Healthcare is very good at measuring failure.
We count deaths, admissions, incidents, and deterioration. We build evidence around crisis because crisis is visible, auditable, and uncomfortable enough to demand attention.
But what if the most important outcome in complex care isn’t recovery or even improvement but stability?
And what if we don’t yet have the language, the measures, or even the culture to evidence it?
The dominance of Evidence-Based Medicine has shaped what we recognise as knowledge. It shows what can be standardised, measured, and reproduced. That works well for predictable situations, but complex care doesn’t behave like that. Stability isn’t an endpoint, and it doesn’t follow a neat trajectory. It sits in the background, often unnoticed, because when things are working, we simply call it “business as usual”.
And that’s the problem.
We intuitively know what stability looks like.

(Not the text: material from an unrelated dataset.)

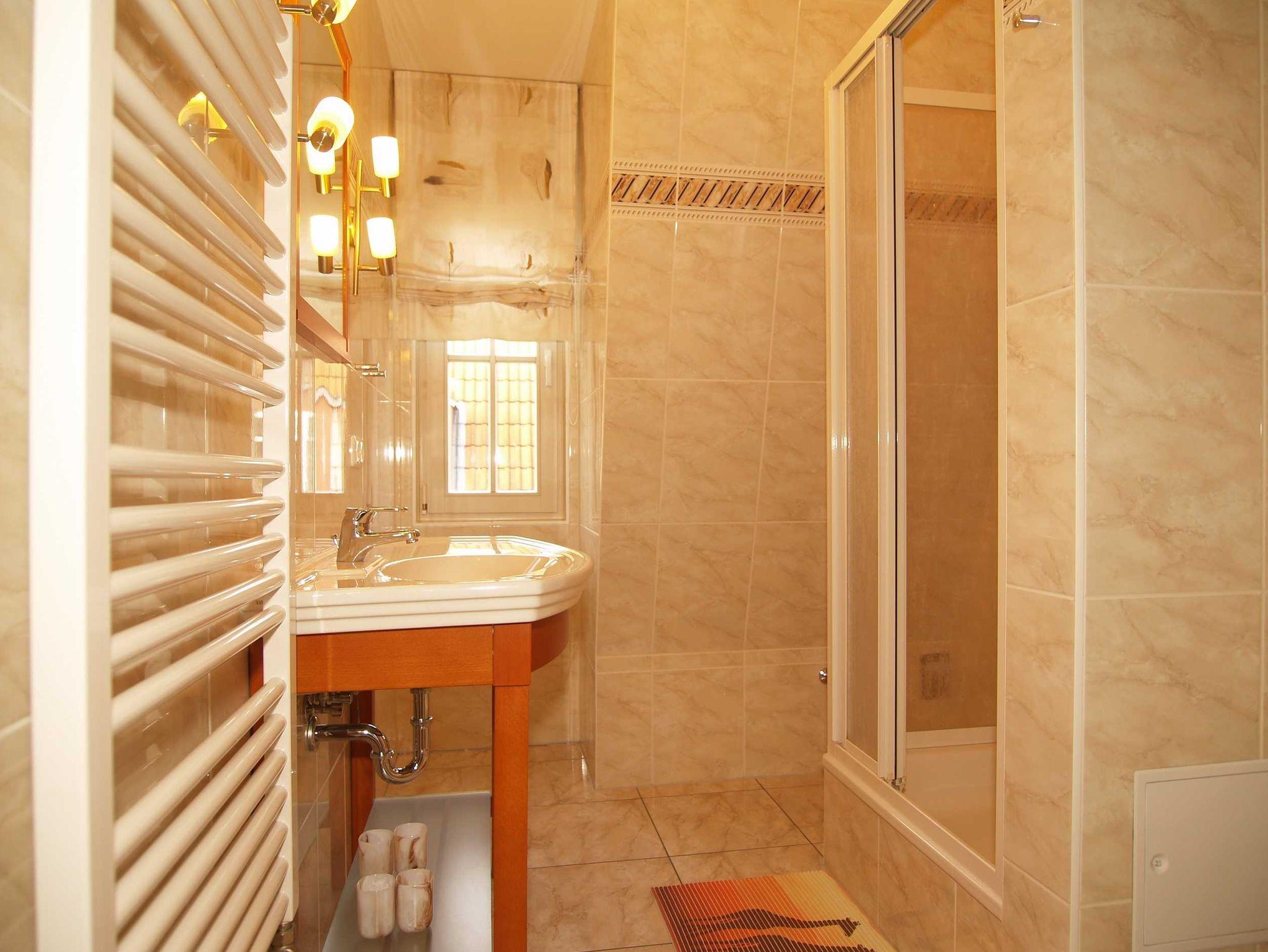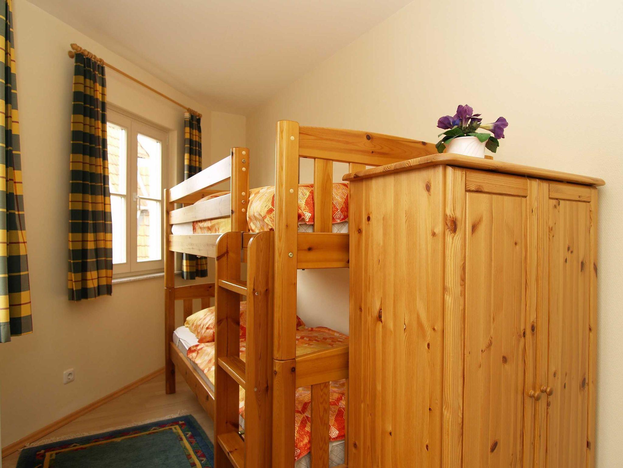 Sie wohnen in einer exklusiv eingerichteten 3-Raum-Wohnung von ca. 55 qm Größe, die im ersten Obergeschoss liegt. Das Wohnzimmer ist ausgestattet mit Küchenzeile (Herd mit Backofen, Geschirrspüler, Kaffeemaschine, Wasserkocher), bequemer Sitzgarnitur, Essecke, Stereoanlage und TV-Gerät. Vom Wohnraum aus betreten Sie den Balkon in Richtung Osten, von wo aus Sie einen seitlichen Blick auf das Meer haben. Ein Schlafzimmer mit Doppelbett und ein Schlafzimmer mit Etagenbett sowie das Bad mit Dusche und WC vervollständigen das Gesamtbild dieser Wohnung.

It’s when someone continues to engage, when behaviours don’t escalate, when relationships hold, when nothing breaks. It’s not dramatic. It doesn’t trigger alerts or thresholds. But in complex systems, that quiet continuity is often the difference between progress and collapse.
Yet culturally, we don’t value it. Crisis draws attention, funding, and urgency. Stability is expected, and so it becomes invisible. Even relational practice, widely accepted as fundamental is still difficult to define, measure, or prioritise in systems that are built around risk and outputs. As highlighted in The Heart of Practice: Building Cultures of Relational Care, relational work is recognised as essential, but remains marginal in policy and hard to operationalise because it is inherently complex and context-dependent .
The consequence is predictable. We design systems that respond to failure rather than sustain what is already working. Services become reactive, workforces fatigued, and individuals experience repeated cycles of escalation and breakdown. We end up investing heavily in crisis, while paying far less attention to what might prevent it.
What’s interesting is that the evidence isn’t entirely absent. It’s just not framed in the way we expect. It sits across relational practice, trauma-informed care and within psychological safety, community-based support and co-production. The relational care literature goes further, reminding us that care is not just something delivered in interactions, but something shaped by organisational culture, leadership, and the conditions in which people work and receive support .
This suggests a different way of thinking. Instead of asking what intervention works, we might ask what conditions allow stability to exist.
If we take that seriously, our idea of success begins to shift. It becomes less about discrete outcomes and more about sustained engagement and the lived experience of care. It is quieter, less visible work, but arguably far more important.
The challenge now is not to wait for perfect evidence, but to start naming and noticing stability in the systems we already run. To develop shared language, to use proxy measures where we need to, and to embed learning into practice. Perhaps most importantly, it requires a cultural shift to one that recognises that when things are going well, something important is happening, even if we are not yet measuring it.
Healthcare doesn’t lack evidence. It lacks evidence for the things that matter most in complex systems.
Stability is one of them.
And until we learn to see it, we will continue to build systems that only act once stability has already been lost.